SUPPLIED DATA
# # #

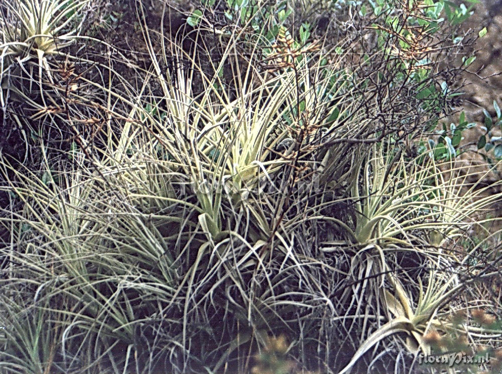 Verzamel locatie: Peru - Cajamarca - Cochabamba Fotograaf: Peter Tristram Opmerking: I found an old scan but finding the original photos will take time. No T. cacticola ( a small compact form) in this pic unfortunately. The straminea were in seed and the cacticola about to bloom (in June). (Verzonden: brom-l@nic.surfnet.nl) Determinatie: gevraagd
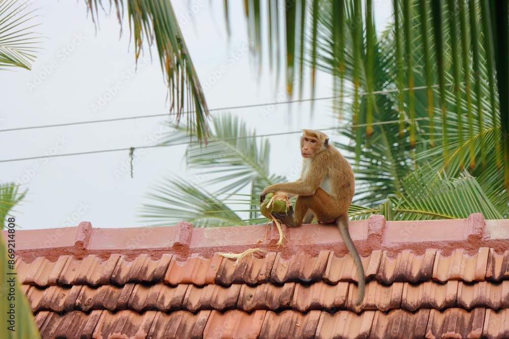 Fototapeta A wild monkey eats a coconut on the house rooftop in the jungle village
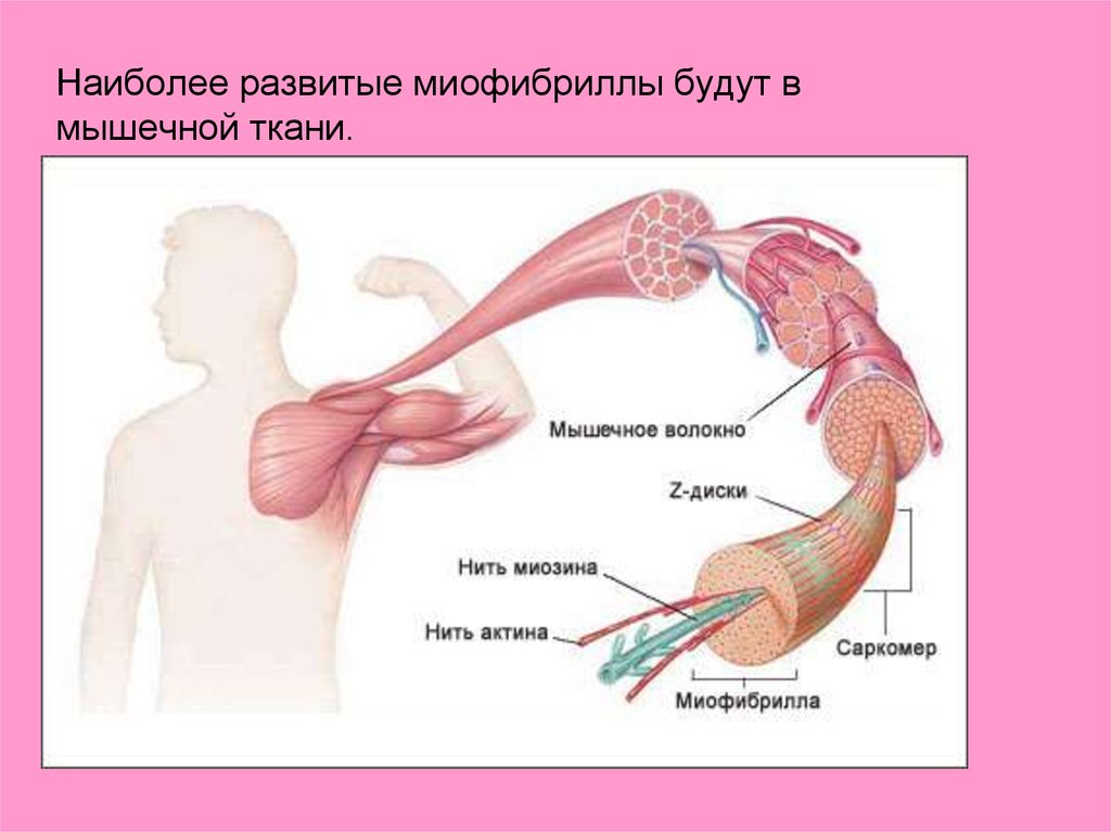 Наиболее развитые миофибриллы будут вмышечной ткани.

# # #

WORK REQUIRED
Copy out, unchanged, the span of lines beginning with the one that includes "Fototapeta A wild" and running through the final line of the material above. Leave the pictures out.

OUTPUT BELOW
 Fototapeta A wild monkey eats a coconut on the house rooftop in the jungle village
 Наиболее развитые миофибриллы будут вмышечной ткани.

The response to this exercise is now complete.